» **Your instructions**
Every word in the data below belongs in your copy, exactly as given; the pictures do not.

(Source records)
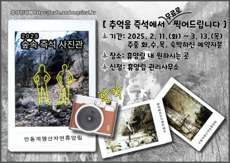 2025 숲속 즉석 사진관 이벤트 홈 위치: 게시판 이벤트 운영기간동안 관리사무소 방문 시 이용권 수령후 사용하실 수 있습니다. 휴양림의 좋은 추억들을 사진에 담아 가셨으면 합니다. 안동이벤트휴양림 글쓴이 me@andongsisul.kr 소소한 감사이벤트 글 내비게이션 이전 글다음 글
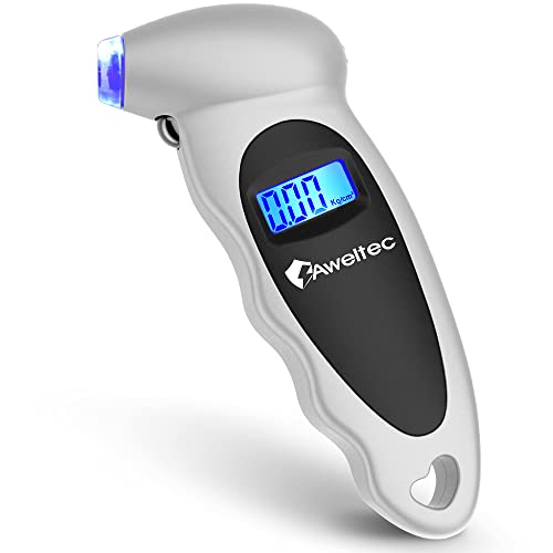 Aweltec Digital Tire Pressure Gauge 150 Psi, 4 Settings, Tire Gauge For Car, Truck, Motorcycle, Bicycle With Backlit Lcd And Non-Slip Grip (Silver)
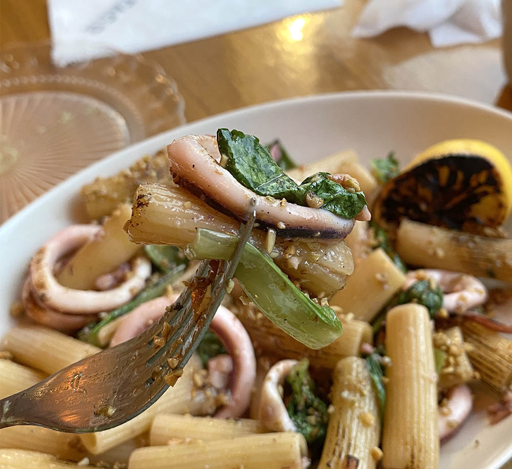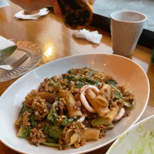 적당한 짭쪼름함과 오징어와 버터의 고소함이 물씬~ 딱 와인이 생각나는 그런 메뉴였다. 색다른건 맛은 아니지만 계속 손이가는 그런맛~! 하지만 난 고수 파스타에 너무 마음이 뺏긴 나머지.. 오징어 리가토니에겐 큰 감동을 얻지 못했다. ㅠㅠ
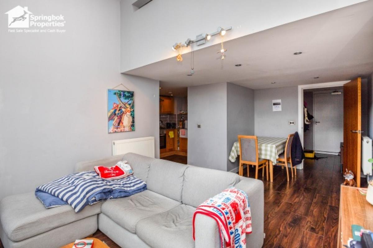 A light-filled and unique fourth-floor mezzanine apartment set within an open atrium, offering spacious open-plan living across two levels. Featuring stylish kitchen fittings, generous living and dining areas, and two flexible bedroom spaces, this home is ideal for first-time buyers or investors seeking a well-connected and characterful urban home. Early viewing is highly recommended.Nestled on the fourth floor within a striking open atrium that bathes the space in natural light, this two-bedroom mezzanine apartment offers a truly distinctive and generous living experience. Upon entry, you're greeted by an inviting hallway complete with a handy storage cupboard and space for a freestanding dryer. The heart of the home unfolds into a fluid, open-plan layout, seamlessly marrying kitchen, dining and living areas. The kitchen features a charming Belfast sink, a stylish SMEG fridge, a five-hob stove, as well as integrated washing machine and dishwasher tailored for both practicality and character. Adjacent, there's ample room for a four-seater dining table and a cosy L-shaped sofa ideal for relaxed social gatherings.
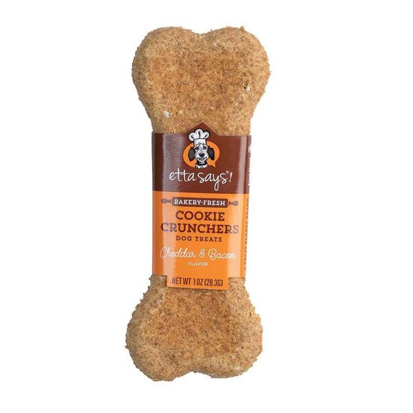 Etta Says! Cookie Crunchers are made from scratch with natural ingredients that are dough good, they will keep your dog crumbing back for more! Our cookies are baked with love and we’re spreading the word about our Cheddar & Bacon Cookie Crunchers.

» **Response below**
 2025 숲속 즉석 사진관 이벤트 홈 위치: 게시판 이벤트 운영기간동안 관리사무소 방문 시 이용권 수령후 사용하실 수 있습니다. 휴양림의 좋은 추억들을 사진에 담아 가셨으면 합니다. 안동이벤트휴양림 글쓴이 me@andongsisul.kr 소소한 감사이벤트 글 내비게이션 이전 글다음 글
 Aweltec Digital Tire Pressure Gauge 150 Psi, 4 Settings, Tire Gauge For Car, Truck, Motorcycle, Bicycle With Backlit Lcd And Non-Slip Grip (Silver)
 적당한 짭쪼름함과 오징어와 버터의 고소함이 물씬~ 딱 와인이 생각나는 그런 메뉴였다. 색다른건 맛은 아니지만 계속 손이가는 그런맛~! 하지만 난 고수 파스타에 너무 마음이 뺏긴 나머지.. 오징어 리가토니에겐 큰 감동을 얻지 못했다. ㅠㅠ
 A light-filled and unique fourth-floor mezzanine apartment set within an open atrium, offering spacious open-plan living across two levels. Featuring stylish kitchen fittings, generous living and dining areas, and two flexible bedroom spaces, this home is ideal for first-time buyers or investors seeking a well-connected and characterful urban home. Early viewing is highly recommended.Nestled on the fourth floor within a striking open atrium that bathes the space in natural light, this two-bedroom mezzanine apartment offers a truly distinctive and generous living experience. Upon entry, you're greeted by an inviting hallway complete with a handy storage cupboard and space for a freestanding dryer. The heart of the home unfolds into a fluid, open-plan layout, seamlessly marrying kitchen, dining and living areas. The kitchen features a charming Belfast sink, a stylish SMEG fridge, a five-hob stove, as well as integrated washing machine and dishwasher tailored for both practicality and character. Adjacent, there's ample room for a four-seater dining table and a cosy L-shaped sofa ideal for relaxed social gatherings.
 Etta Says! Cookie Crunchers are made from scratch with natural ingredients that are dough good, they will keep your dog crumbing back for more! Our cookies are baked with love and we’re spreading the word about our Cheddar & Bacon Cookie Crunchers.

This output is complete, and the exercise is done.